Arkansas vs. No. 10 Georgia: similar teams slug it out in Little Rock
FAYETTEVILLE - The same problems once-beaten Alabama presented the Arkansas Razorbacks a week ago in Fayetteville, the once-beaten Georgia Bulldogs present Saturday in Little Rock.
Arkansas HC BRET BIELEMA
Georgia, ranked 10th as opposed to the No .5 and No. 7 national rankings that Auburn and Alabama bore into SEC victories over Arkansas this season, brings a 5-1 overall and 3-1 SEC East record into Saturday's 3 p.m. SEC Network televised game.
Arkansas brings a 3-3, 0-3 SEC West record into the only game it plays in Little Rock this season.
Like Coach Nick Saban's Alabama Crimson Tide, Coach Mark Richt's Georgia Bulldogs boast a run-stopping ball-control defense and a run-oriented play-action passing offense.
In last Saturday's 14-13 titanic struggle and loss to the Crimson Tide, Alabama held Arkansas' running attack to to 89 yards. It had netted 153, 495, 438, 212, and 285 rushing its first five games.
Georgia may not be as literally big against the run and rushing the pass as Alabama, but it is quicker, Arkansas offensive coordinator Jim Chaney said.
"I think Alabama runs well and has good stature, but I think Georgia has a great amount of speed," Chaney said. "This group flies around. They've got a couple of cheetah cats coming off the edge. They can really fly."
Outside linebackers Leonard Floyd, Jordan Jenkins and Ramik Wilson are among the "cheetah cats."
Arkansas defensive coordinator Robb Smith said preparing for Alabama's offense is preparing for Georgia's offense and vice-versa.
"There is a lot of carryover," Smith said. " I would characterize them as a pro-style team, especially with their running game."
For Georgia's first five games, its running game was characterized by Todd Gurley, acknowledged the best 'back in college football and sure-fire to be the Doak Walker Award winner and a Heisman Trophy candidate.
But Gurley was suspended by Georgia before its 34-0 victory over Missouri, pending allegations he violated NCAA rules regarding receiving compensation for signing autographs. Georgia investigates and then must turn its findings to the NCAA with whom George President Jere Morehead met Thursday in Indianapolis.

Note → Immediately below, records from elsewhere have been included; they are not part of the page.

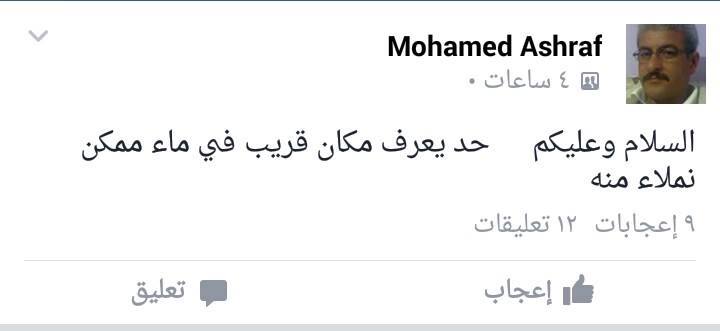 وسأل محمد أشرف، عبر صفحته على “فيس بوك”، أصدقاءه عن مكان يستطيع منه ملء المياه، قائلاً: “حد يعرف مكان قريب في ماء ممكن نملأ منه”.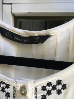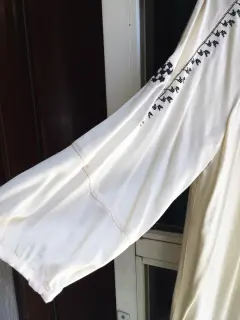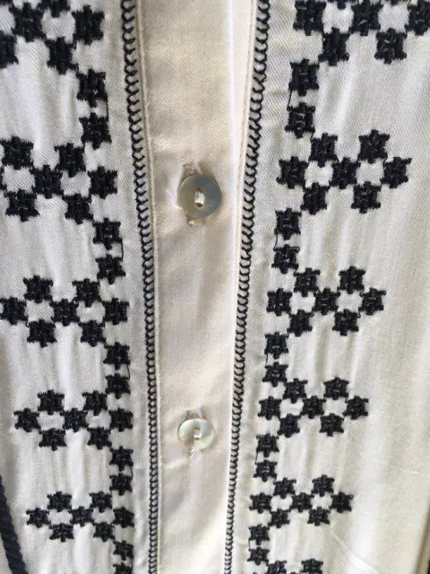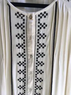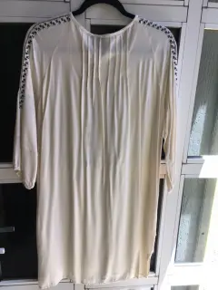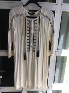 Vestido boho en blanco crudo con bordados en negro. Una hermosa pieza. No usado. Medidas: axilas 58cm, cintura 63cm, cadera 63cm, largo 93cm.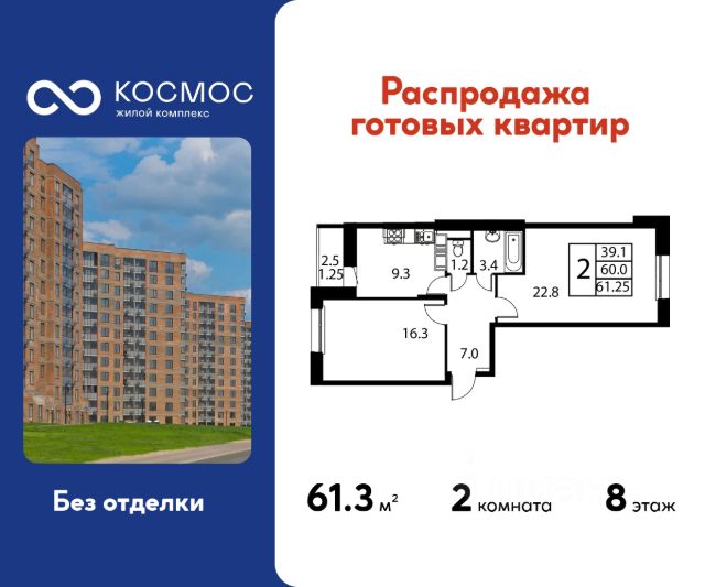 Продаётся 2-комнатная квартира в сданном доме (Корпус 3), срок сдачи: 2-кв. 2025, общей площадью 61.25 кв.м., на 8 этаже. ЖК "Космос" - новое место для жизни, в котором сочетаются отличная экология, удобное расположение, креативные решения архитектуры и функциональные планировки квартир. Строительство жилого комплекса ведётся при проектном финансировании Сбербанка. ЖК "Космос" расположен в микрорайоне Авиационный (Домодедово), в 24 километрах от МКАД по Каширскому шоссе. Проект будет состоять из 7 корпусов высотой 12 этажей. На первых этажах домов запланировано открытие необходимых для жителей объектов торговой и социальной инфраструктуры, в том числе магазинов, кафе, медицинского центра. В микрорайоне Авиационный также есть всё необходимое для комфортной жизни - здесь находятся детские сады, школы, высшие учебные заведения, магазины, поликлиники и медицинские центры, спортивный клуб, ТЦ "Торговый город". Помимо этого, жители ЖК "Космос" смогут пользоваться развитой инфраструктурой г.о. Домодедово - до него можно добраться за 20 минут на автомобиле или электричке. Одна из особенностей ЖК "Космос" - отличное экологическое состояние локации. В 10 минутах ходьбы от комплекса находится благоустроенный парк "Взлёт" с красивым прудом Лесным, здесь планируется дальнейшее благоустройство территории. Рядом с "Космосом", на площади Гагарина, будут проходить городские мероприятия. Проект отличается удобной транспортной доступностью - до МКАД можно добраться за 20-25 минут. Около жилого комплекса находятся остановки общественного транспорта, в пешей доступности - ж/д станция "Авиационная" Павелецкого направления. На придомовой территории ЖК "Космос" предусмотрено устройство парковочных мест численностью 544 машино-места, в том числе для маломобильных групп населения.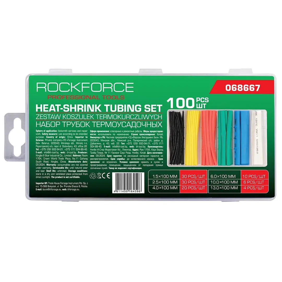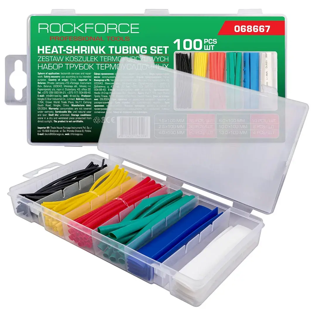 Трубки термоусадочные, набор 100пр. RockFORCE RF-068667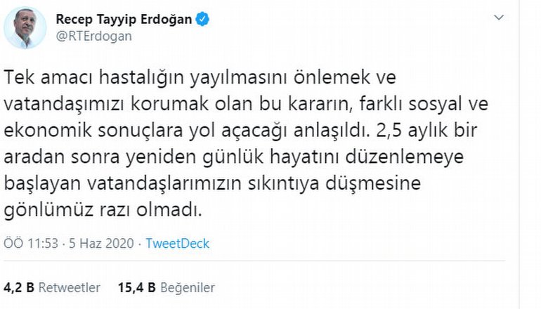 "Fakat vatandaşlarımızdan aldığımız değerlendirmeler, bizi kararı yeniden gözden geçirmeye yöneltti. Tek amacı hastalığın yayılmasını önlemek ve vatandaşımızı korumak olan bu kararın, farklı sosyal ve ekonomik sonuçlara yol açacağı anlaşıldı. 2,5 aylık bir aradan sonra yeniden günlük hayatını düzenlemeye başlayan vatandaşlarımızın sıkıntıya düşmesine gönlümüz razı olmadı. Bunun için, Cumhurbaşkanı olarak, 15 ilimizi kapsayan hafta sonu sokağa çıkma sınırlaması uygulamasını iptal etme kararı aldım. Vatandaşlarımdan, maske-mesafe-temizlik kurallarına bu süreçte de titizlikle riayet etmelerini önemle rica ediyorum."

"'There is no new news at this time and no further comment is necessary," Morehead was quoted in a statement after the meeting.
Just what Richt expected.
'We will let you know if his status changes," Richt posted Thursday morning on Twitter. "Not anticipating it to change this week.'
No Gurley certainly didn't take the bite out of the Bulldogs at Missouri. Nick Chubb, a 5-10, 228 freshman backup running back, not only started but led the shutout victory over the defending SEC East champion in Columbia, Mo., with 34 carries for 143 yards.

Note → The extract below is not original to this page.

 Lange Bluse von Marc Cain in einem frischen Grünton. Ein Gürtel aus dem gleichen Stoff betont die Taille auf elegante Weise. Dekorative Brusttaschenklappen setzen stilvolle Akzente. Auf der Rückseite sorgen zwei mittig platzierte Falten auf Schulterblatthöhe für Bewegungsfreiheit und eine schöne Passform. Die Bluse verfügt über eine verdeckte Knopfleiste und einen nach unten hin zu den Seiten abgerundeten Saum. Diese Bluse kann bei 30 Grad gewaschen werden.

"Obviously, that was fitting Gurley very, very well and it fits him (Chubb) very, very well," Arkansas coach Bret Bielema said.

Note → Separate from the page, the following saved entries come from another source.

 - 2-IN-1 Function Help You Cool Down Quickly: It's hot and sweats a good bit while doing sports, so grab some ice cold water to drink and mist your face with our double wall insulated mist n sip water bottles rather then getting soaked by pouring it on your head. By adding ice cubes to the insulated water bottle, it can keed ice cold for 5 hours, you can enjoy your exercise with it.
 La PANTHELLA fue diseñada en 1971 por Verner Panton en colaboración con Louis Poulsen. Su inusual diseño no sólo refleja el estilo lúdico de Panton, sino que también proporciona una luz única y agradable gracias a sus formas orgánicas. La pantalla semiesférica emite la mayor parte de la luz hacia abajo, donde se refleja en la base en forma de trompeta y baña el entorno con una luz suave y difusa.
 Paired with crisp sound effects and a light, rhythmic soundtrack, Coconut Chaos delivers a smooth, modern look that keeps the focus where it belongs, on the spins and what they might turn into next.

Arkansas senior linebacker Braylon Mitchell says Gurley or no Gurley preparations don't matter because of Chubb.
"There is not much difference," Mitchell said. "They are both powerful runners. We just have to be prepared for whichever one of them is going to play and go out there and do our thing."
Robb Smith concurs.
"Whether Gurley plays or not they have have a couple of running backs that can certainly do what they want them to within their system," Smith said.
Alabama has a great running back, T.J. Yeldon, but Arkansas held the Tide to 66 net rushing yards and forced Alabama to pass more often and with little success to its All-America candidate receiver, Amari Cooper.
While a running team, Georgia quarterback Hutson Mason consistently attempts 22 to 28 passes per game and completes 70 percent of them.
"They can lull you to sleep," Arkansas defensive backfield coach Clay Jennings said of Georgia's run, run, run then sudden play-action pass. "They've got those big 6-3, and 6-2 receivers, and they're going to throw it up and let those guys try to catch it."
It sounds much like Arkansas' offense, mounting a running game behind a huge line and first-class running backs Jonathan Williams and Alex Collins with Brandon Allen mixing in the play-action pass, catching defenses rushing to defend the run.
Exactly, says Smith, citing best-against-best practice for Arkansas feeding into the defense's success against Alabama and lending familiarity prepping for Georgia.
"I think no matter how you cut it going against our offense on a daily basis helps us and makes us better and makes us a more physical defense," Smith said. "I think the last two weeks have been very helpful to us."
For his part, Richt said every time the Bulldogs practice their best offense against their best defense it naturally prepared them for Arkansas.
'"We're pretty similar in a lot of ways as far as how we go about our business so I don't think our style is going to shock them or their style is going to shock us," Richt said. "It's just going to be a matter of two very physical teams wanting to see who's tougher."